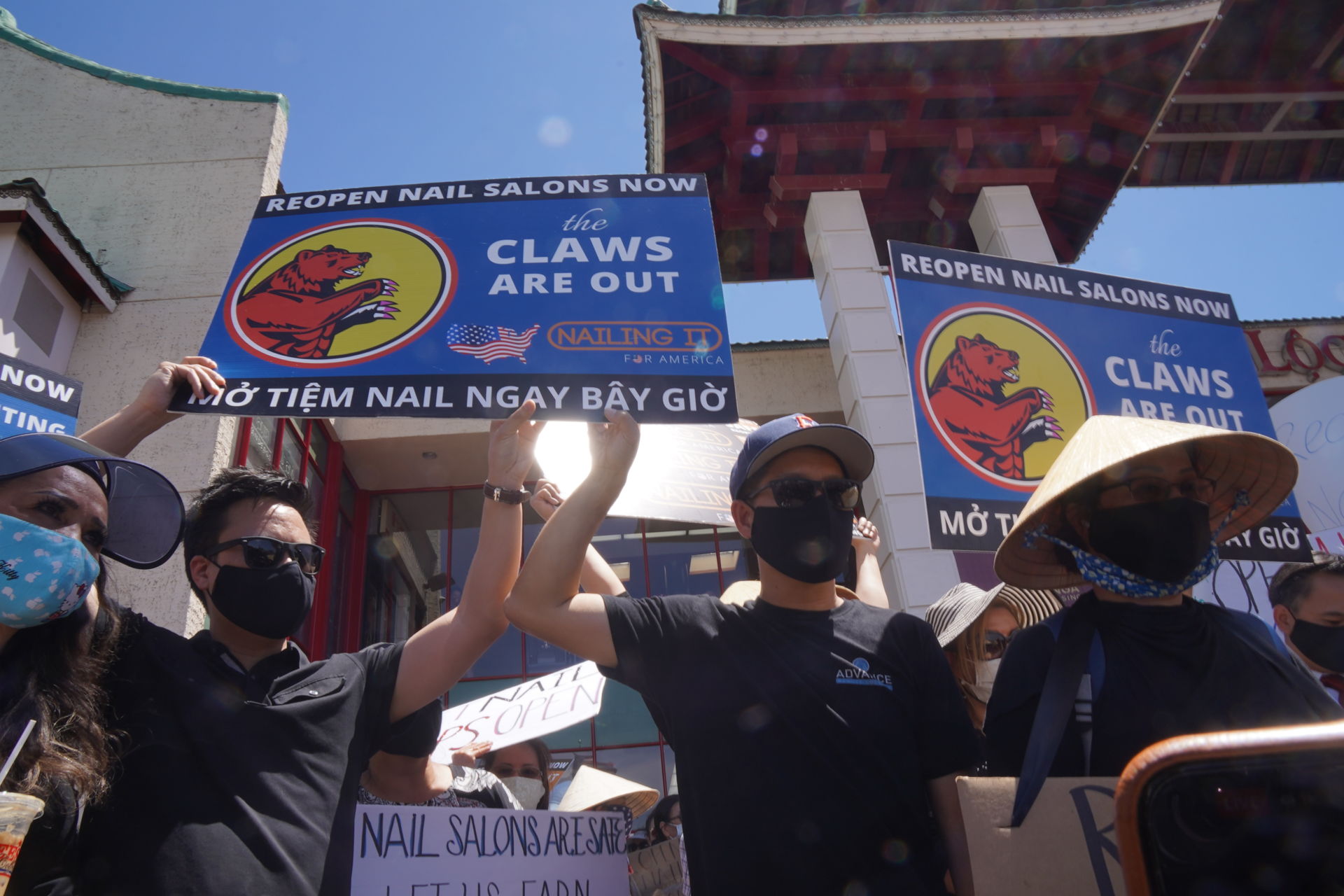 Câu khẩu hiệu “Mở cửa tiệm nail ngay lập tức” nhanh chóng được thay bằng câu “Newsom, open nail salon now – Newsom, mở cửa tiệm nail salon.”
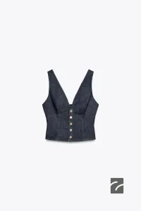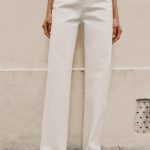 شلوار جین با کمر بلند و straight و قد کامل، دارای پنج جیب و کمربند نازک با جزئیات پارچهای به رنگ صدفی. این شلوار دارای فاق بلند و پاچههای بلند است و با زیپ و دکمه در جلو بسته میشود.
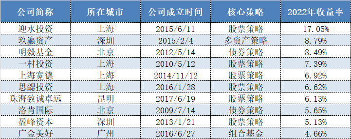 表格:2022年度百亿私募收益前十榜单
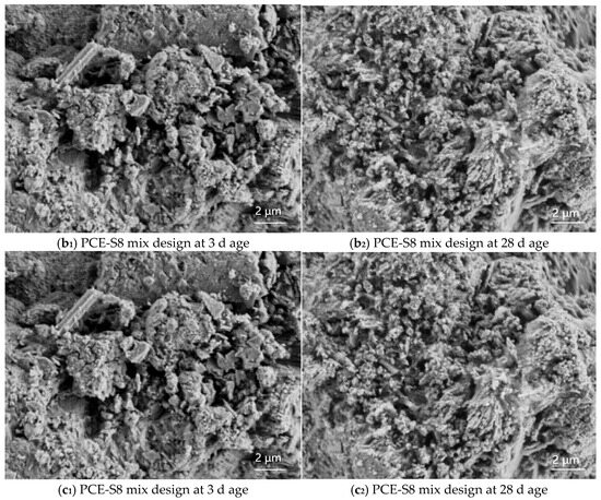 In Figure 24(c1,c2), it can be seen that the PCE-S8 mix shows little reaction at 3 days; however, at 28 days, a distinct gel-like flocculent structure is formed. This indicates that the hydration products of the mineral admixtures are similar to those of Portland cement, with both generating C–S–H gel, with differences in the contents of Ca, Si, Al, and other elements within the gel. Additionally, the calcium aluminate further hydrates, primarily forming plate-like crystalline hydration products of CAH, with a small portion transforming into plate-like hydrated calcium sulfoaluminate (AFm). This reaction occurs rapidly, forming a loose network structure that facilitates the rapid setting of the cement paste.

...

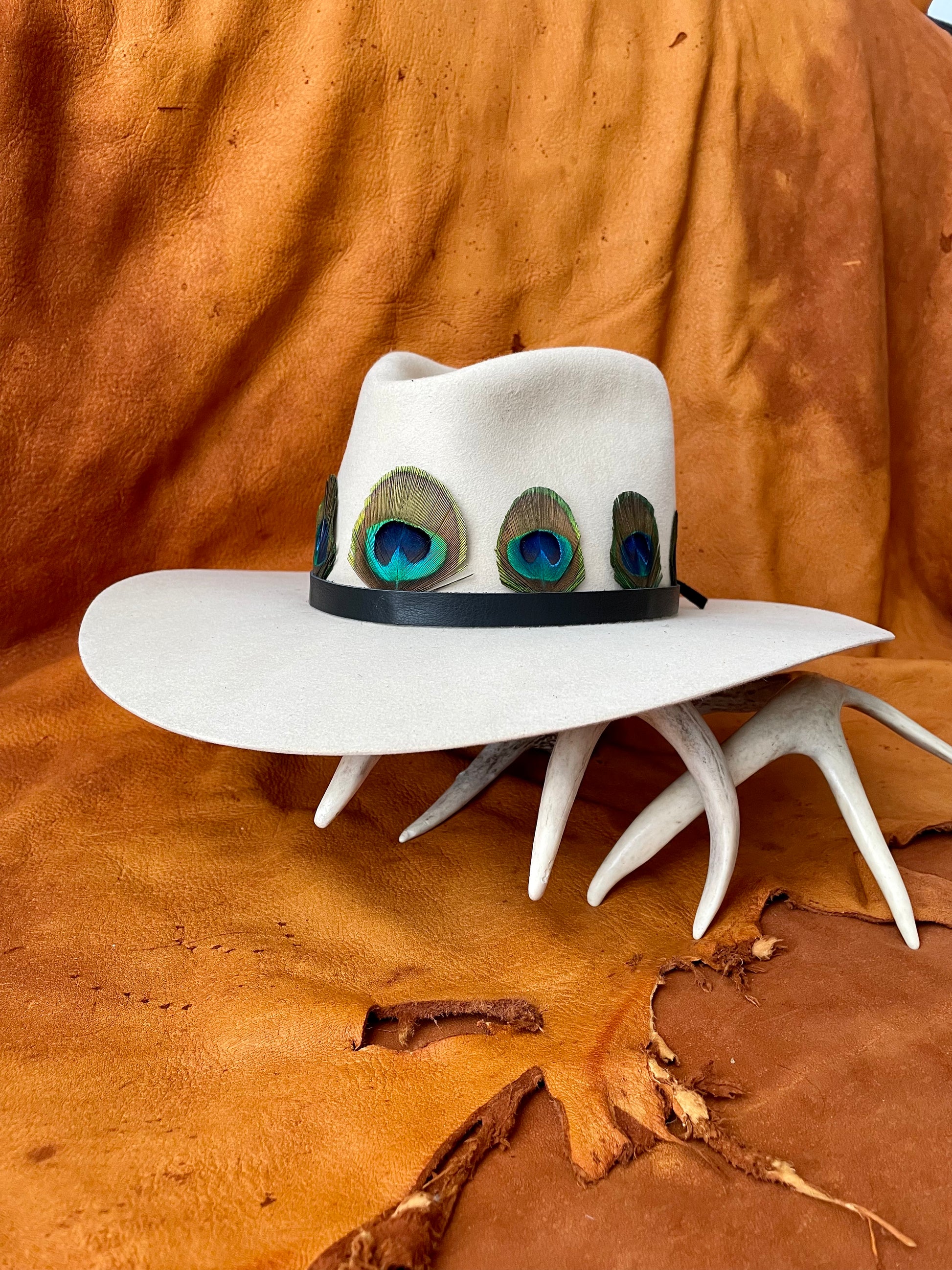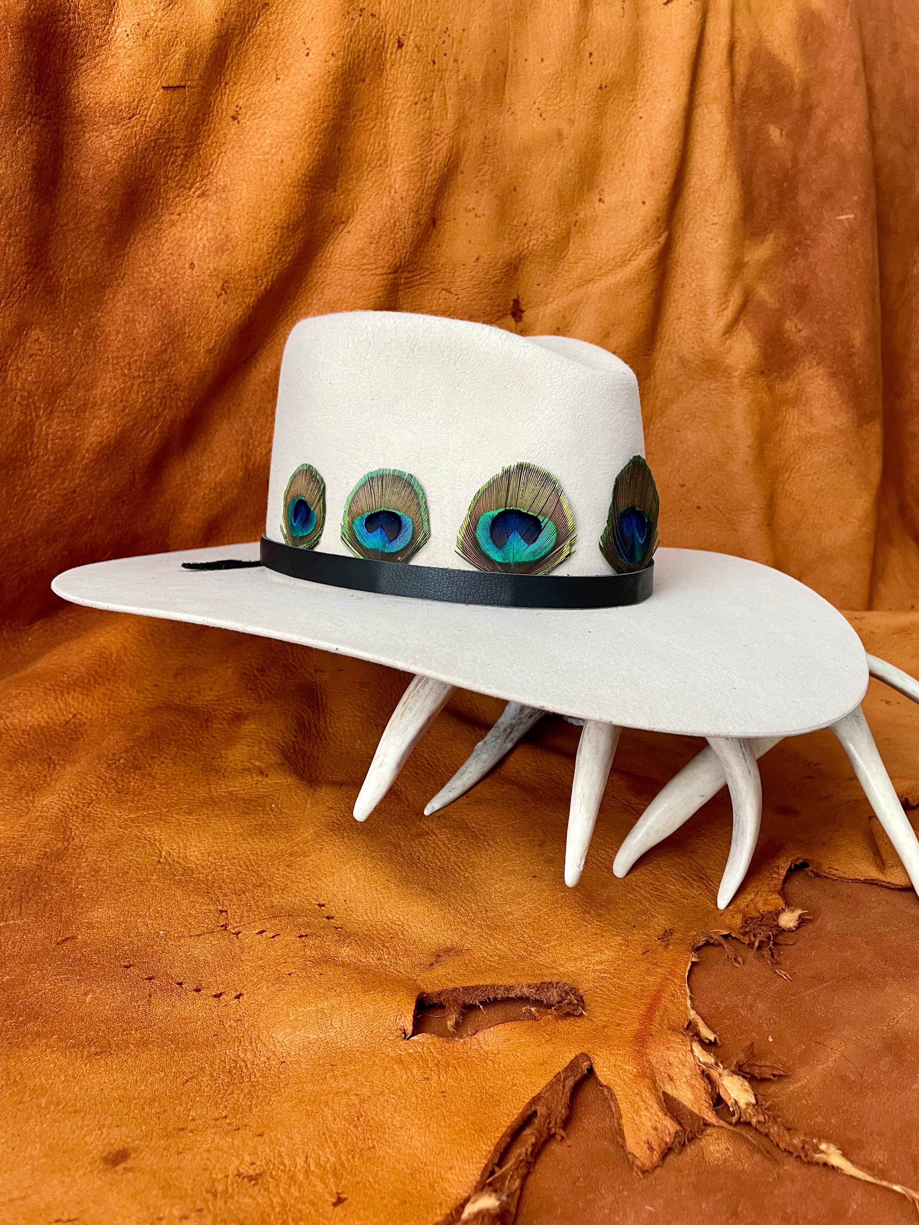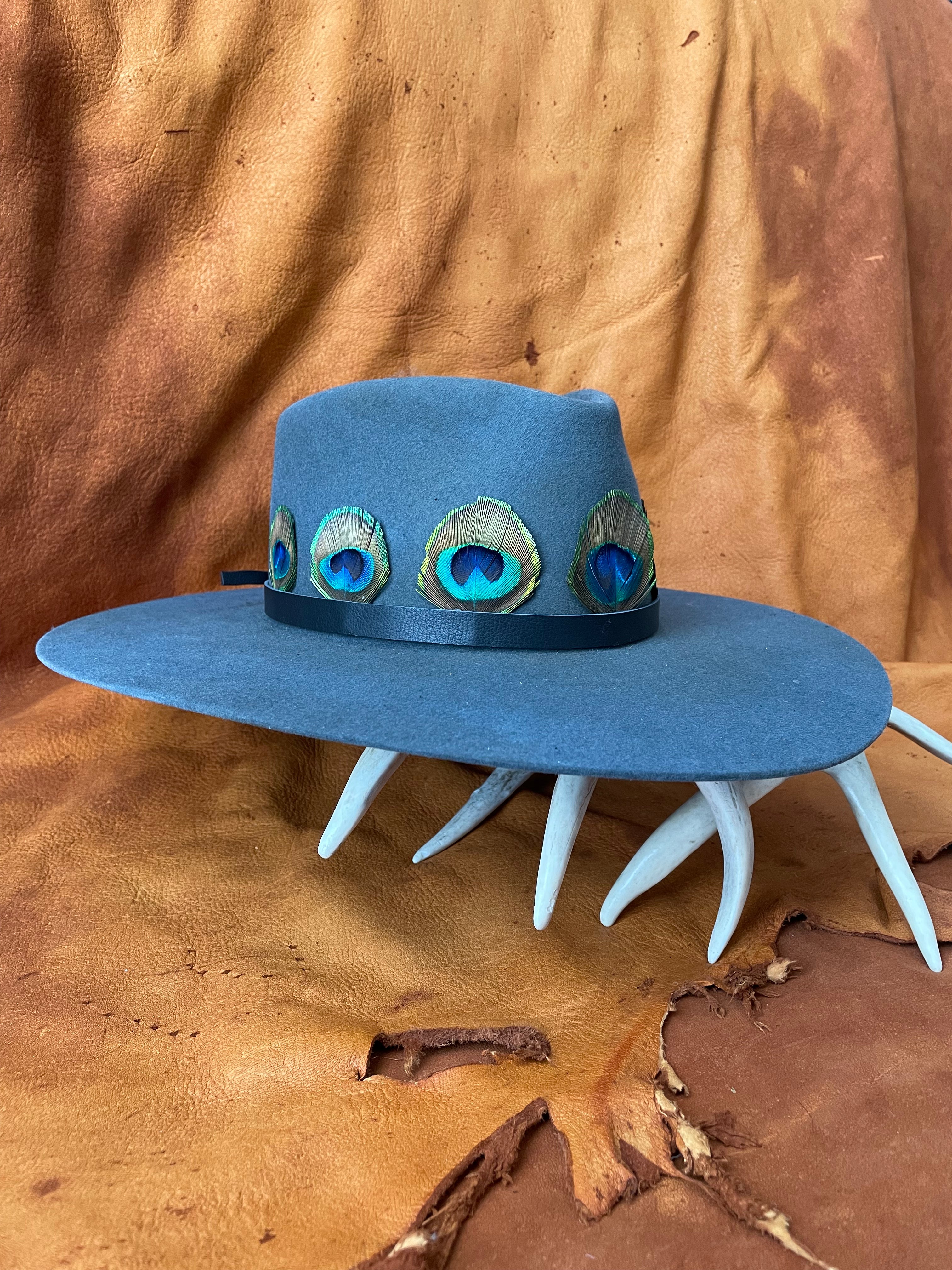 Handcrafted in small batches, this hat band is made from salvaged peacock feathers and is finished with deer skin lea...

> WHAT IS REQUIRED: An exact copy is needed. It runs from the line above containing "Câu khẩu hiệu" down to the line containing "表格:2022年度百亿私募收益前十榜单", both included, with no pictures.

> THE ANSWER:
 Câu khẩu hiệu “Mở cửa tiệm nail ngay lập tức” nhanh chóng được thay bằng câu “Newsom, open nail salon now – Newsom, mở cửa tiệm nail salon.”
 شلوار جین با کمر بلند و straight و قد کامل، دارای پنج جیب و کمربند نازک با جزئیات پارچهای به رنگ صدفی. این شلوار دارای فاق بلند و پاچههای بلند است و با زیپ و دکمه در جلو بسته میشود.
 表格:2022年度百亿私募收益前十榜单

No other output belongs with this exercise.